[The JRB Daily] Island Prize for a Debut Novel from Africa call for submissions

Submissions for the second annual Island Prize for a Debut Novel from Africa are now open.

This literary prize, founded by Karen Jennings, author of the Booker Prize-longlisted novel An Island, is open to debut African novelists, curated with the primary aim of helping African writers reach a wider audience and break into the United Kingdom publishing scene.

The prize is open to entries from across any and all genres.

Winners and runners up will receive £500 and £200 respectively, as well as in-depth editorial attention to their manuscript and mentoring from industry professionals.

Shortlisted writers will have their work read by publishers and agents in the UK and United States.

In addition, this year there is a £200 prize for the top entry from a writer from the Maghreb region. This has been initiated by last year’s runner up, Hamza Koudri, who has donated his winnings to this cause.

‘Just like I have been lucky to receive the support of The Island Prize team, it would give me immense pleasure to pay it forward and help at least one young author on their journey to publication,’ Koudri says.

Sarah Isaacs, whose first novel, Glass Tower, won the inaugural edition of the prize, is now represented by the Annette Green Agency. Annette Green said: ‘I was struck by Sarah’s lightness of touch in her writing, her ability to handle the novel’s big themes—racial tension, sexual abuse—with an extraordinary deftness and honesty. The heat of Durban rises from the page in this riveting story of a family coming together, as they navigate their individual struggles and personal turmoil.’

According to Holland House Books, the first year of The Island Prize ‘exceeded all expectations’:

‘We received over 120 entries from all over the continent, a fine and diverse long list, and then an excellent shortlist. The winner already has a UK agent as a direct result of the prize, and three books have been offered publishing contracts. The competition has aroused much interest in the UK, and we expect even more this year. This is an exciting and unique opportunity for writers to get their work seen and published overseas, and we are eager to receive submissions.’

Jennings says: ‘As African writers, we are often faced with a double dose of challenges. First, getting published within African countries can be incredibly difficult because local publishers are often constrained by finances. Second, for many writers getting published overseas is almost impossible because the rest of the world has certain ideas of what an African story should be.

‘Having experienced these challenges first hand—being told that a novel is “too African” or “not African enough”—I know how important it is that stories from Africa be given a wide variety of platforms so that they can be shared at home and abroad without the need to fit certain moulds.

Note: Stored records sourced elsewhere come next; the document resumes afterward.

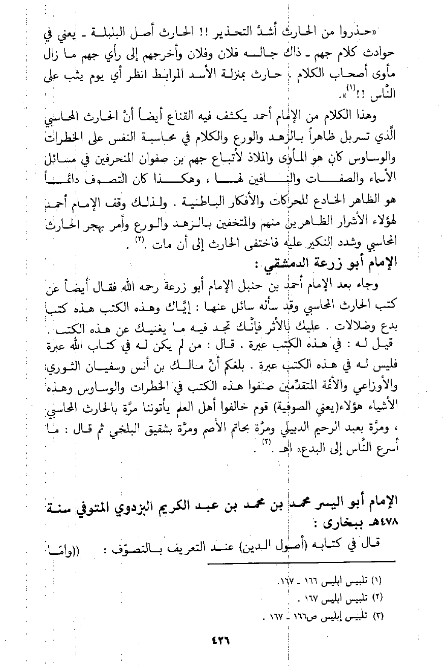 فقال: فبأي شيء تبطل هذه الأحوال؟ فقلت: بهذه السياط الشرعية. فأعجب الأمير وضحك، وقال: أي والله! بالسياط الشرعية، تبطل هذه الأحوال الشيطانية، كما قد جرى مثل ذلك لغير واحد، ومن لم يجب إلى الدين بالسياط الشرعية فبالسيوف المحمدية. وأمسكت سيف الأمير وقلت: هذا نائب رسول الله ـ صلى الله عليه وسلم ـ وغلامه، وهذا السيف سيف رسول الله ـ صلى الله عليه وسلم ـ. فمن خرج عن كتاب الله وسنة رسوله ضربناه بسيف الله، وأعاد الأمير هذا الكلام، وأخذ بعضهم يقول: فاليهود والنصارى يقرون ولا نقر نحن؟ فقلت: اليهود والنصارى يقرون بالجزية على دينهم المكتوم في دورهم، والمبتدع لا يقر على بدعته، فأفحموا لذلك.
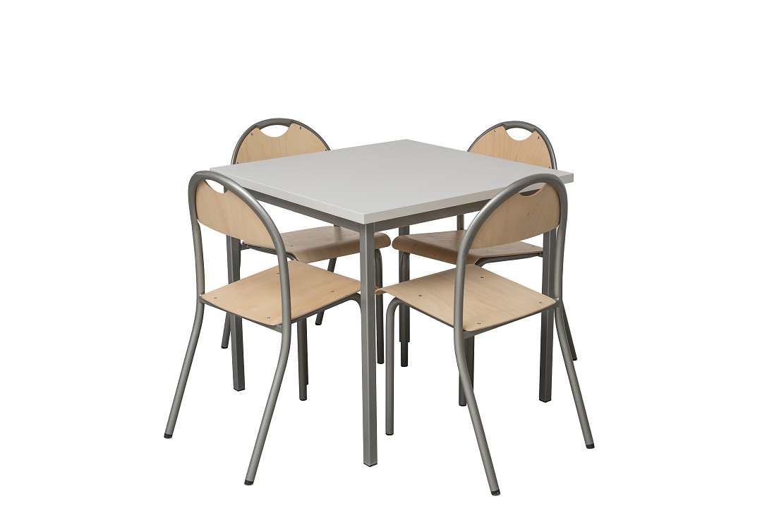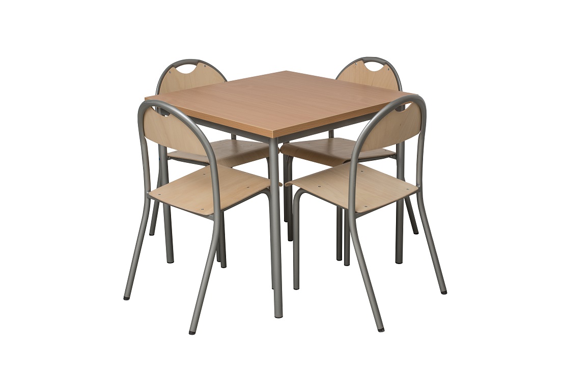 Stół KUBA z blatem o wymiarze 800 x 800 mogący znaleźć zastosowanie w stołówkach, jadalniach lub świtlicach szkolnych.
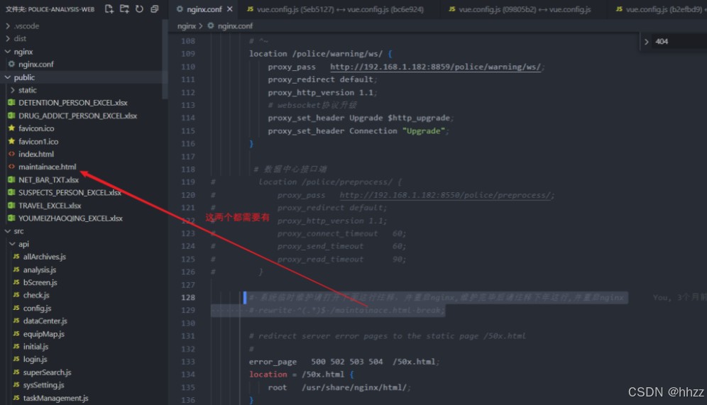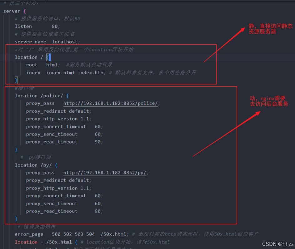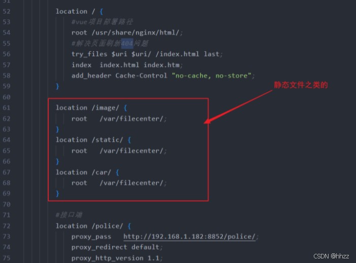 例如我们通过axios去访问/police/getList这个后台接口时,nginx会将这个请求转发到ip端口为http://192.168.1.182:8852的后台中,后台将结果返回给nginx,nginx再把结果给到浏览器,实现反向代理。
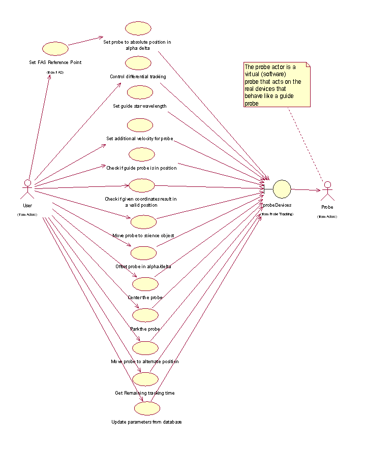 The first diagram shows the Use Case diagram of all use cases for the virtual probe.

‘I am proud to be part of The Island Prize—a competition where the judges are African and where the winners have an opportunity of being published both in the UK and in South Africa. This is one step towards bridging the gap between here and there, us and them. In fact, it is through prizes like these that authors across the continent can gain the confidence to tell stories as they wish. The hope is that, with time, such stories will become appreciated across the globe, without first being labelled as an exception or a surprise.’

This year’s Island Prize judges are Jennings; Rachel Edwards, a British writer of Jamaican and Nigerian heritage; and previous shortlistee Koudri.

How to enter:

Writers must send the opening three chapters/10,000 words of a finished novel, along with a short synopsis, to submissions@theislandprize.com.

Longlisted entries will then be invited to submit a full manuscript.

Writers must be from any African country to apply.

Submissions close on midnight on Friday 6 January, 2023 (Central African Time).